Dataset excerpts
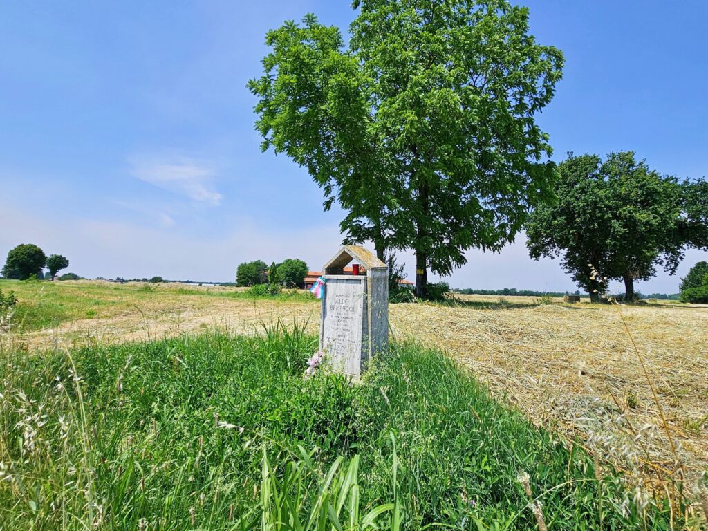 - Marmo per l’intero cippo. Vernice di colore nero a riempimento dei caratteri dell’epigrafe. Cemento per il basamento.
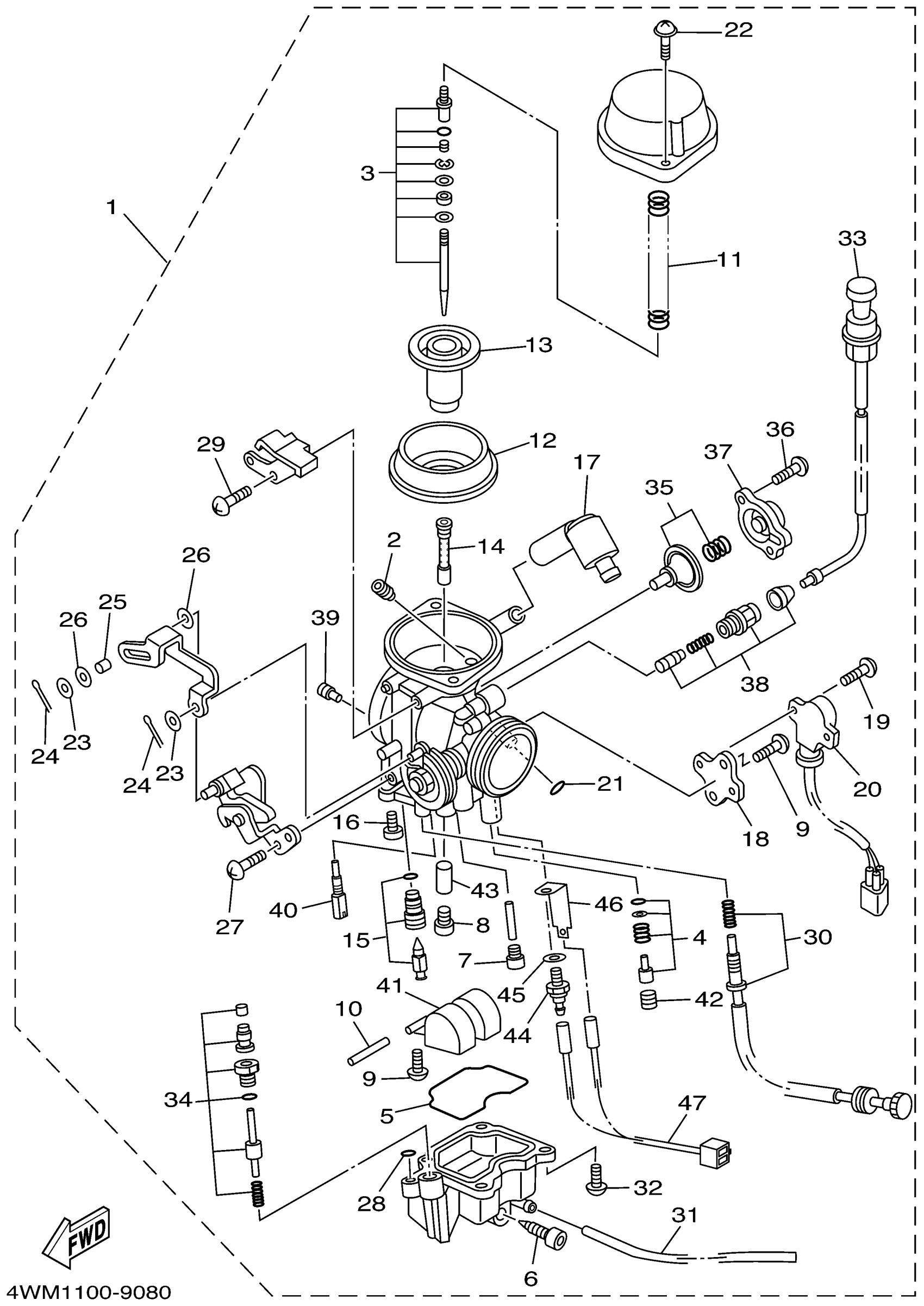 Yamaha XV1600ALC (ROAD STAR CA) 4WM2 1999 CARBURETOR Diagram
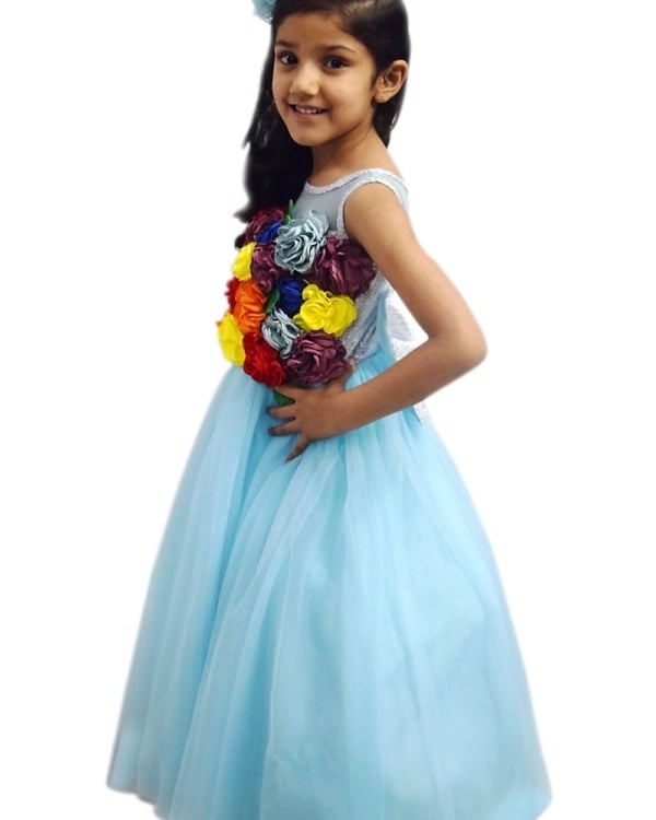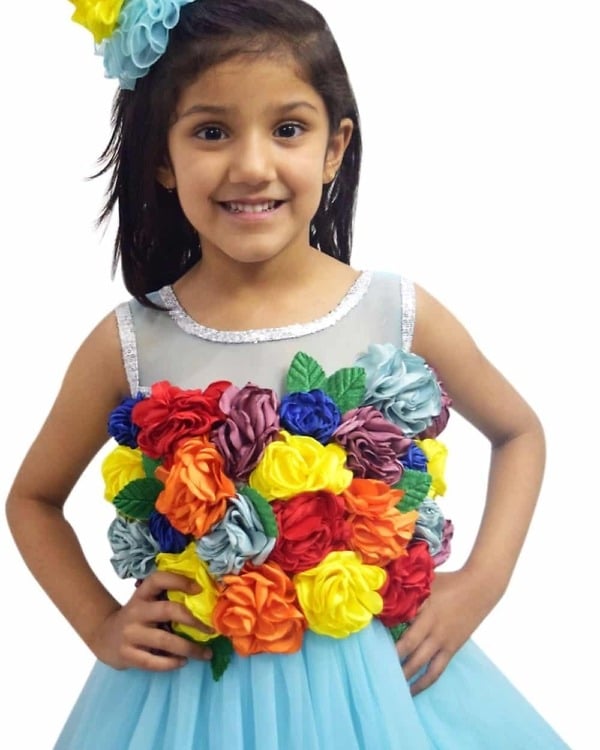 This dress is perfect for rainbow theme party. Dress your daughter in this beautiful vibrant multi-colored 3D flowers. Your little girl will look so cute and sweet in this dress and will be a perfect outfit for party, pictures wedding, birthday parties and pageant.
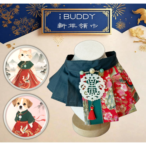 寵物領巾 狗領巾 貓領巾 新年 過年春節 拜年 馬面裙風格 寵物項圈 寵物口水【KC36ND95】iBuddy
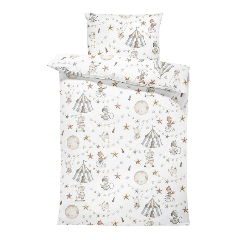 Med vackra cirkusdjur som motiv kommer detta bäddset också att passa väl in i din barnrumsinredning.
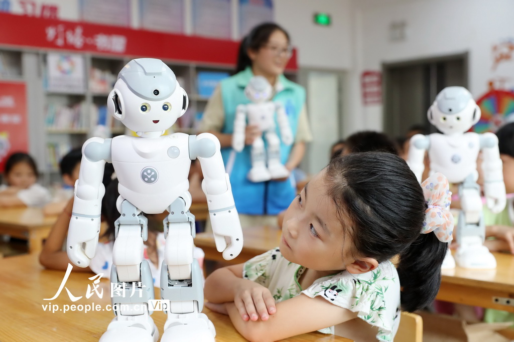 8月4日,在山东青岛莱西市河头店镇龙泉湖新村小雨滴暑假公益课堂,返乡大学生和青年志愿者为村里小朋友们带来一堂别开生面的机器人科普课。通过讲解原理与未来应用、模型展示及机器人、机器狗表演,让小朋友们零距离体验科技魅力,点燃创新梦想。张进刚摄(
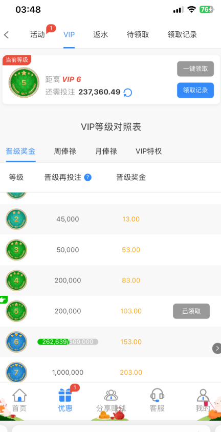 又更新了一次会员等级,看一下之前有流水的更新后有没有升级,我领了103
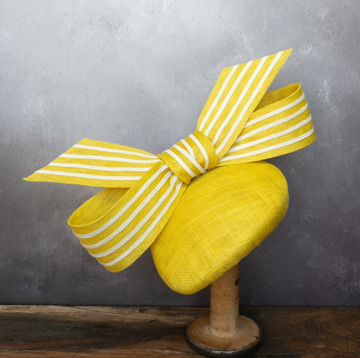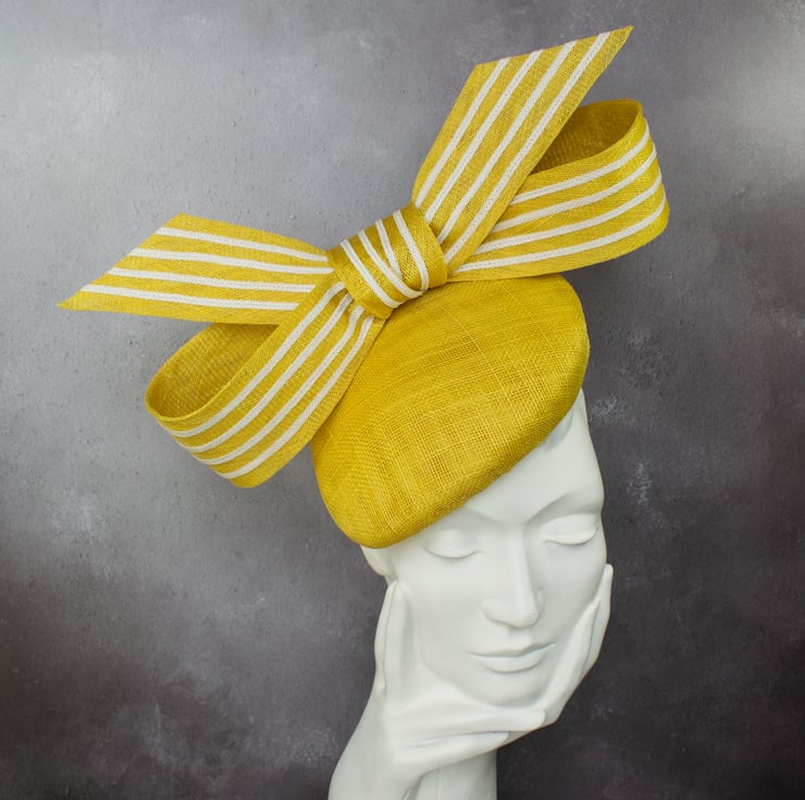 BOBBY is a beautifully crafted sinamay (straw) percher hat with oversized striped bow trim suitable for weddings, racing events and formal occasions.
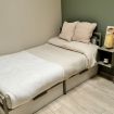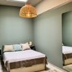 The flat consists of a living room with a kitchen, two double bedrooms, a bathroom and a small storage room. The kitchen is fully equipped with everything you need to prepare your meals. The living room is furnished with a double sofa bed and a flat-screen TV with Netflix and Prime Video. The bedrooms are equipped with a double bed, a wardrobe and a bedside table. The bathroom is complete with a shower, bidet and washing machine. The flat has free Wi-Fi, air conditioning and independent heating.
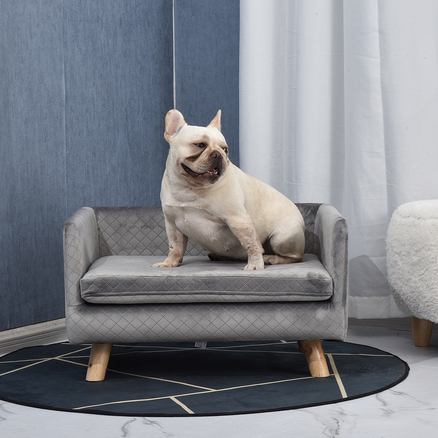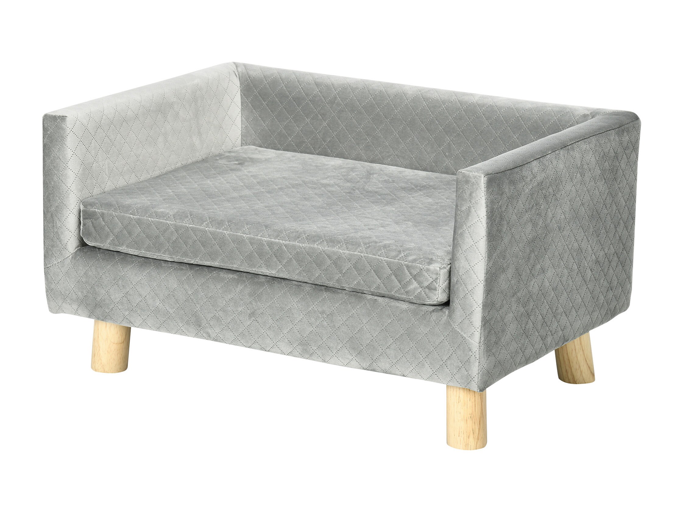 Canapé chien lit pour chien design scandinave coussin moelleux pieds bois massif dim. 87 x 61 x 36 cm polyester gris

#### EXERCISE INSTRUCTIONS:
Repeat, without pictures, exactly the lines of the data above from the one containing "This dress is" through the one containing "BOBBY is a beautifully", including both and adding nothing.

#### WORKED SOLUTION:
 This dress is perfect for rainbow theme party. Dress your daughter in this beautiful vibrant multi-colored 3D flowers. Your little girl will look so cute and sweet in this dress and will be a perfect outfit for party, pictures wedding, birthday parties and pageant.
 寵物領巾 狗領巾 貓領巾 新年 過年春節 拜年 馬面裙風格 寵物項圈 寵物口水【KC36ND95】iBuddy
 Med vackra cirkusdjur som motiv kommer detta bäddset också att passa väl in i din barnrumsinredning.
 8月4日,在山东青岛莱西市河头店镇龙泉湖新村小雨滴暑假公益课堂,返乡大学生和青年志愿者为村里小朋友们带来一堂别开生面的机器人科普课。通过讲解原理与未来应用、模型展示及机器人、机器狗表演,让小朋友们零距离体验科技魅力,点燃创新梦想。张进刚摄(
 又更新了一次会员等级,看一下之前有流水的更新后有没有升级,我领了103
 BOBBY is a beautifully crafted sinamay (straw) percher hat with oversized striped bow trim suitable for weddings, racing events and formal occasions.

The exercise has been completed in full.